The key point is that AUPconceptual relaxes the problem:If we could robustly penalize the agent for intuitively perceived gains in power (whatever that means), would that solve the problem?This is not trivial.
Probably I'm just missing something, but I don't see why you couldn't say something similar about:
"preserve human autonomy", "be nice", "follow norms", "do what I mean", "be corrigible", "don't do anything I wouldn't do", "be obedient"

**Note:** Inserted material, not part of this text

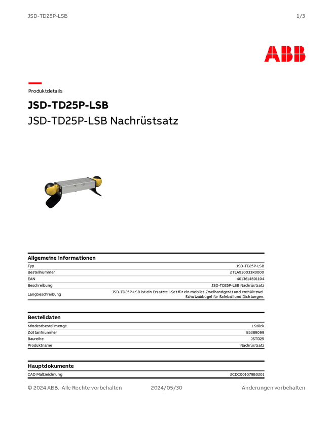 ABB 2TLA930033R0000 Zestaw modernizacyjny JSD-TD25P-LSB 1 szt.

If we could robustly reward the agent for intuitively perceived nice actions (whatever that means), would that solve the problem?
It seems like the main difference is that for power in particular is that there's more hope that we could formalize power without reference to humans (which seems harder to do for e.g. "niceness"), but then my original point applies.
has to do with easily exploitable opportunities in a given situation
Sorry, I don't understand what you mean here.
However, still note that this solution doesn't have anything to do with human values in particular.
I feel like I can still generate lots of solutions that have that property. For example, "preserve human autonomy", "be nice", "follow norms", "do what I mean", "be corrigible", "don't do anything I wouldn't do", "be obedient".
All of these depend on the AI having some knowledge about humans, but so does penalizing power.